When you get a cell touch, start all cells as cold.
If the cell touched is empty, set it to warm.
Then start cycles of heat propagation to neighboring empty cells.
In each cycle, for each warm cell, 
    set each neighboring empty cold cell to warm then
    set that previously warm cell to hot,
    counting how many cells got warm in each cycle.
    Stop cycling if no cells got warm.

This propagation technique can be used instead of recursion
to propagate zero cells from a touch.



Thanks for your answer.
This sounds like a good possibility, but in which order would you do the cycling to get every cell catched?



The brute force heat propagation cycle method I discussed
can use a pair of nested 1 to 9 for loops to cover every cell in each cycle.
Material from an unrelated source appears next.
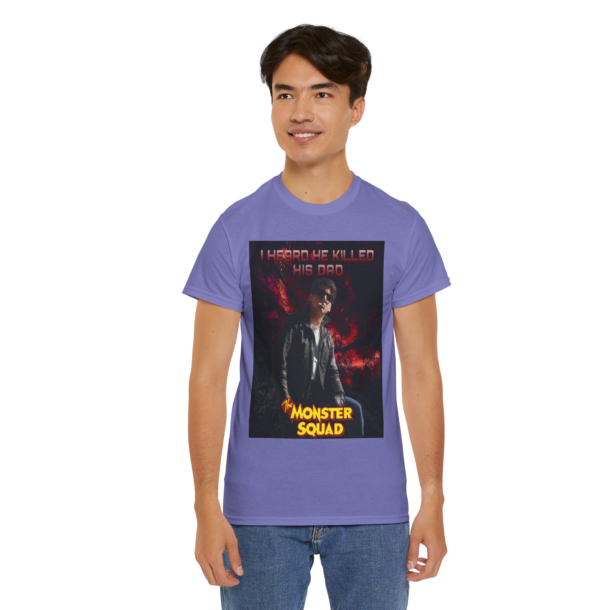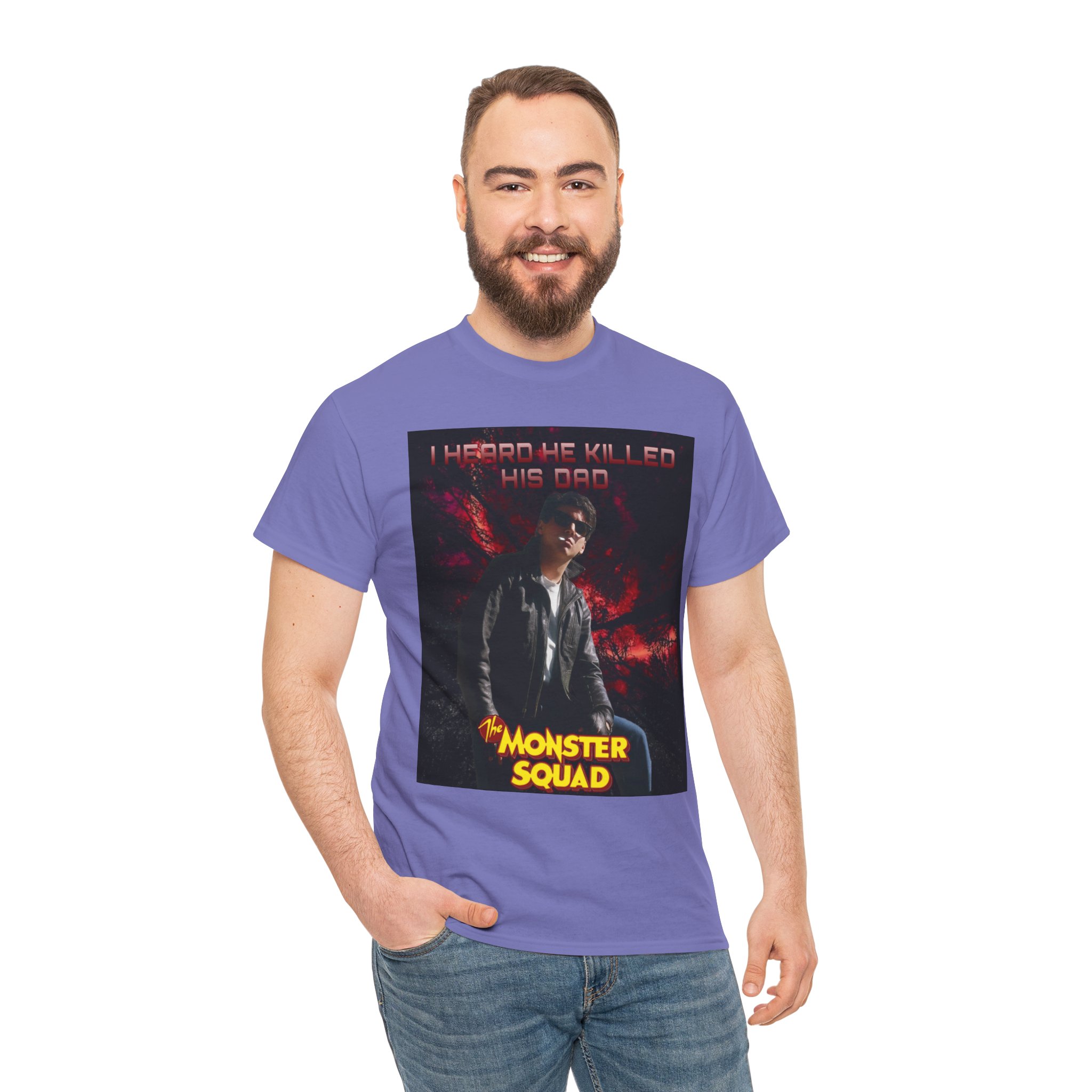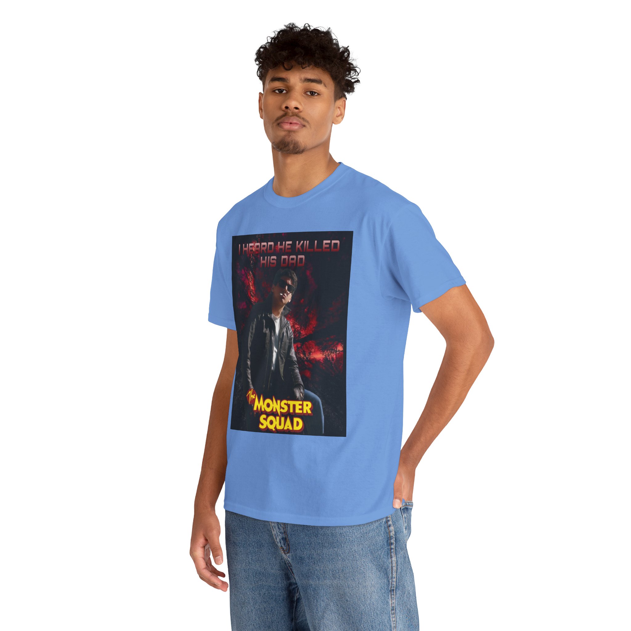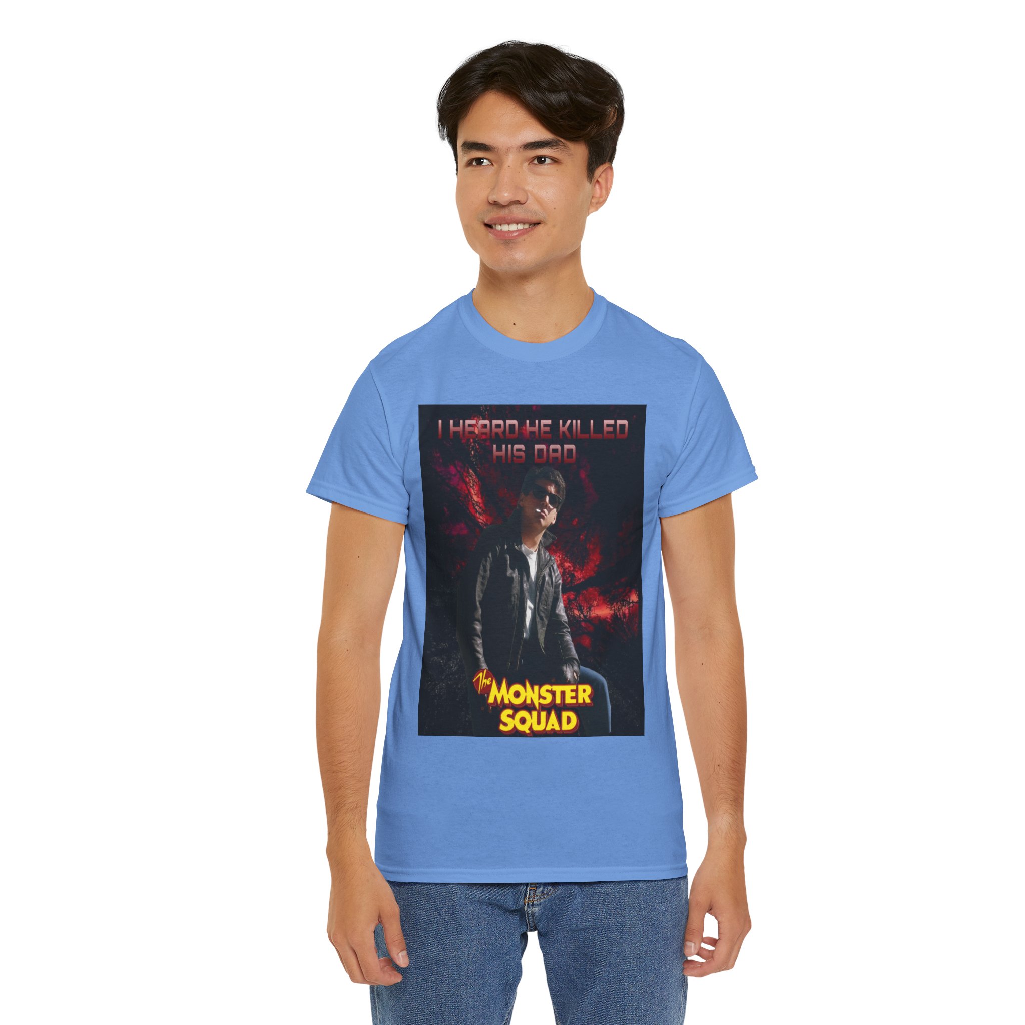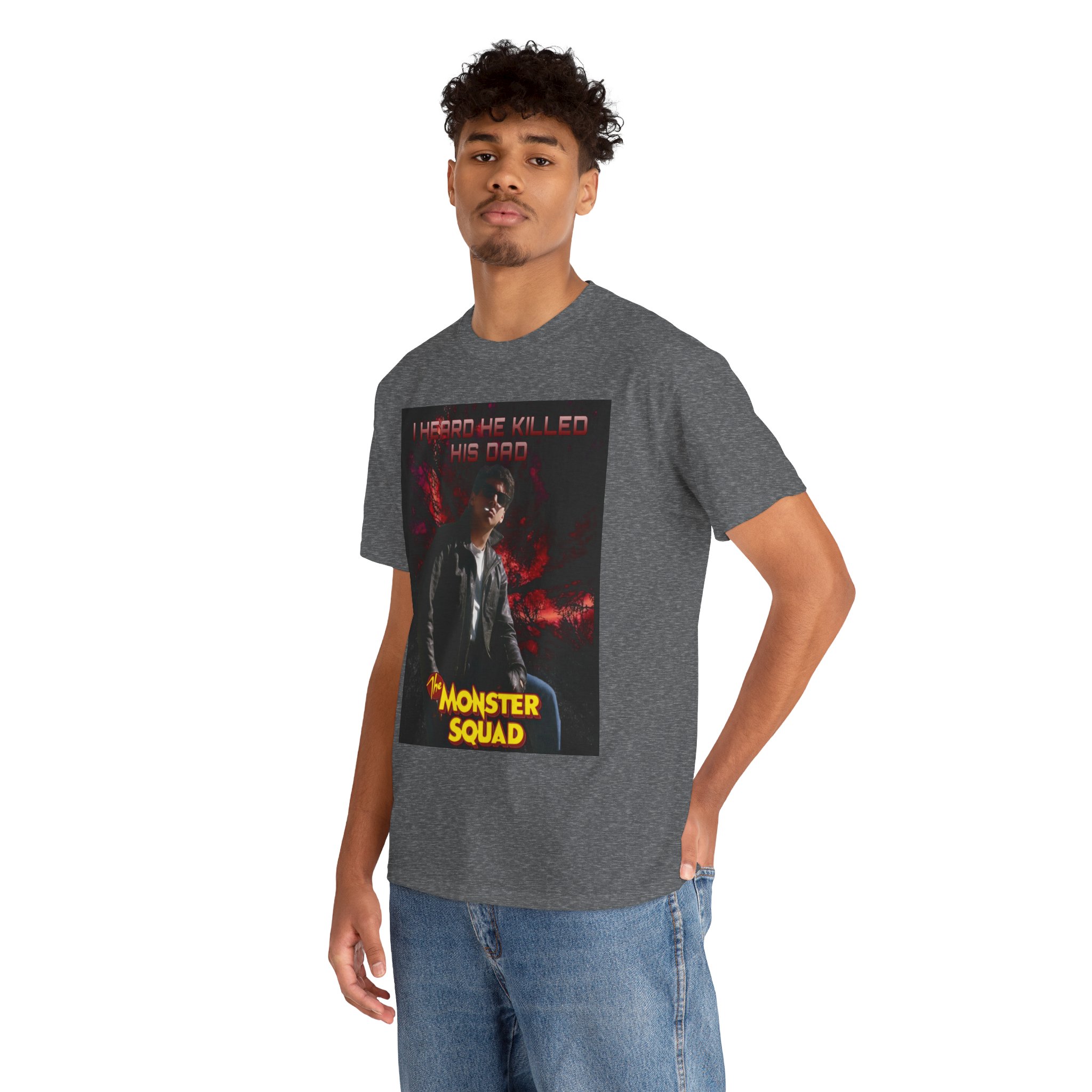 This classic black tee wears like a midnight scene from a cult horror poster — gritty, nostalgic, and a little dangerous. The front graphic layers a lone figure against burning red clouds with bold, retro lettering reading “The Monster Squad,” giving the shirt a vintage-movie vibe that leans into fandom and offbeat style. Lightweight but sturdy, it drapes with a relaxed fit so you can wear it to late-night screenings, conventions, or when you just want to lean into spooky season energy. The simple back keeps the focus on the striking front artwork, letting the design speak for itself.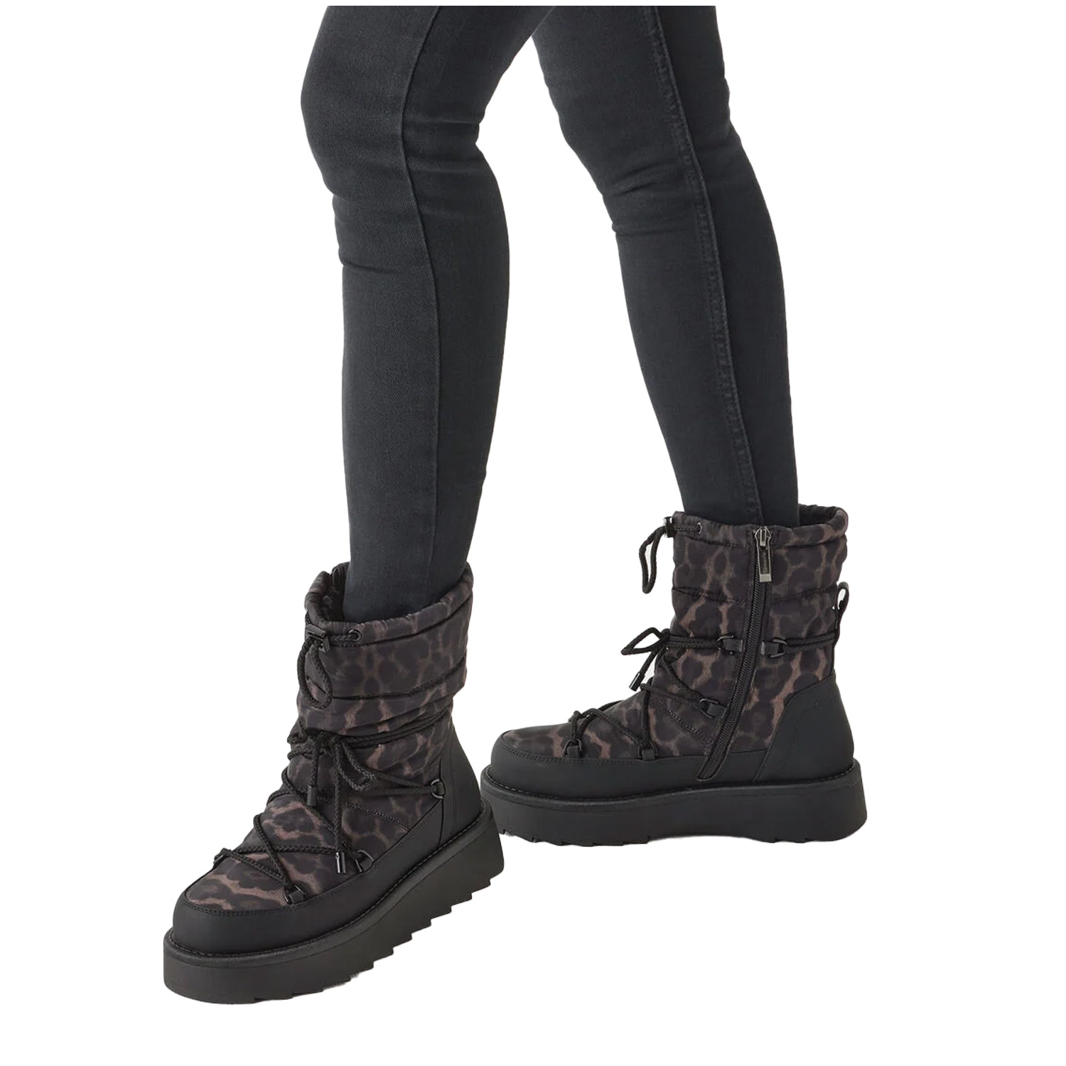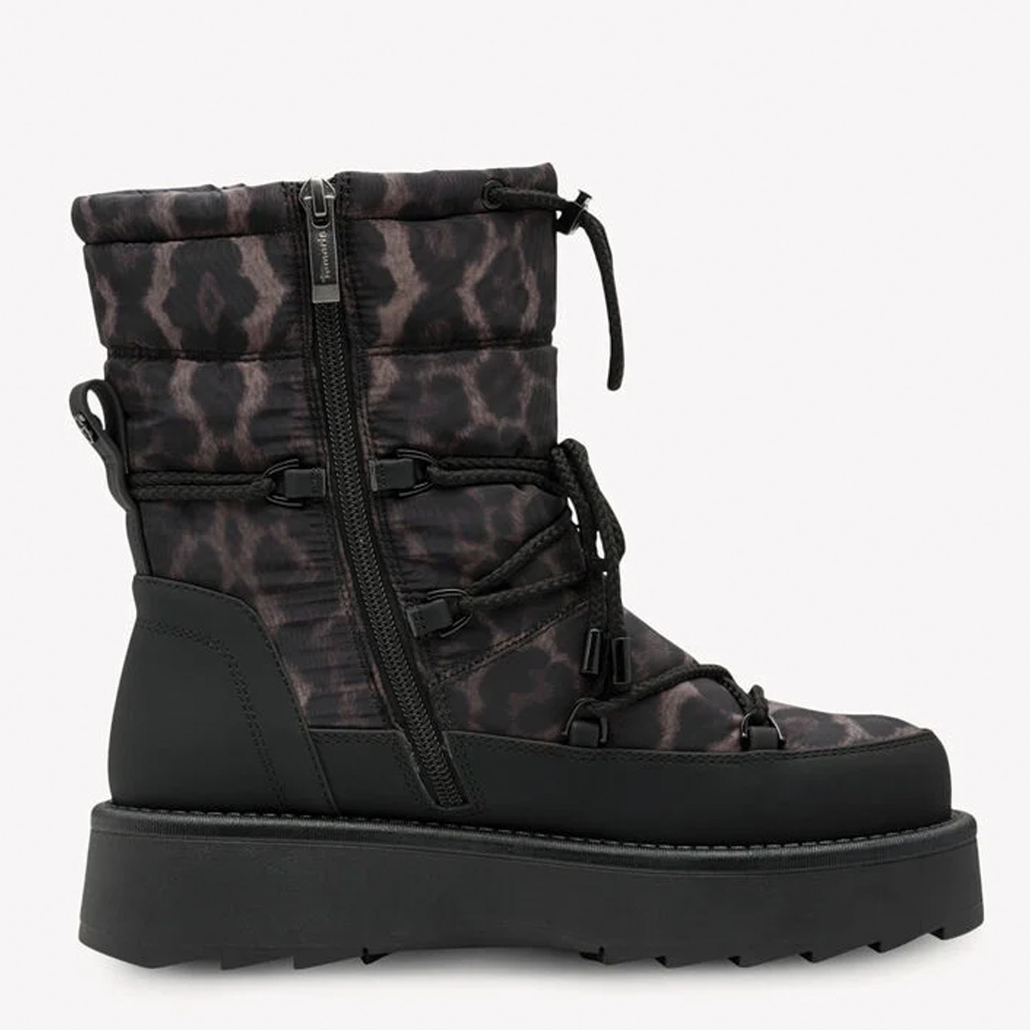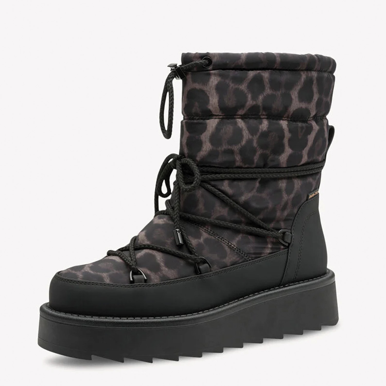 Το λεοπάρ σχέδιο και η ζεστή μεμβράνη Duotex σας προσφέρουν στυλ και στεγνά, ζεστά πόδια – είτε κάνετε βόλτες στην πόλη είτε απολαμβάνετε χειμερινές βόλτες. Το αφαιρούμενο πέλμα προσφέρει εξατομικευμένη άνεση, ενώ ο σπορ σχεδιασμός της πλατφόρμας κάνει την εμφάνισή σας μοναδική. Το φερμουάρ τα κάνει εύκολα στην εφαρμογή και το επενδεδυμένο ύψος του κορμού εξασφαλίζει επιπλέον άνεση. Για έναν αστικό χειμώνα γεμάτο ενέργεια, ατομικότητα και άνεση.

It's simple but inefficient.

There's an alternative way to do heat propagation using three lists,
named Cold, Warm, and Hot, containing cell addresses, 
representing cells using 6 digit numbers - 
(1000 * x) + y
where x and y are row or column numbers (1...9).
Each cell name would reside in just one list at a time,
and would be moved from list to list as its state changes.
I picked 1000 to make the numbers easy to read and decode
and to accommodate big boards.

This single-quantity (sparse) approach lets you take advantage of 
the more powerful list handling blocks (is in list, look up in pairs,
find index of in list)

For convenience and simplicity, you might consider writing
a return value routine NEIGHBORS that will accept a cell address and
return a list of its neighbor addresses.
Other likely small functions:
X(nnnnnn) = QUOTIENT(nnnnnn,1000)
Y(nnnnnn) = REMAINDER(nnnnnn, 1000)
CELL(i,j) = (1000*i) + j

By using little routines like this you can make your
code fit in screen shots, the most enduring way to 
save your code for eternity (if you can find cave walls for them.)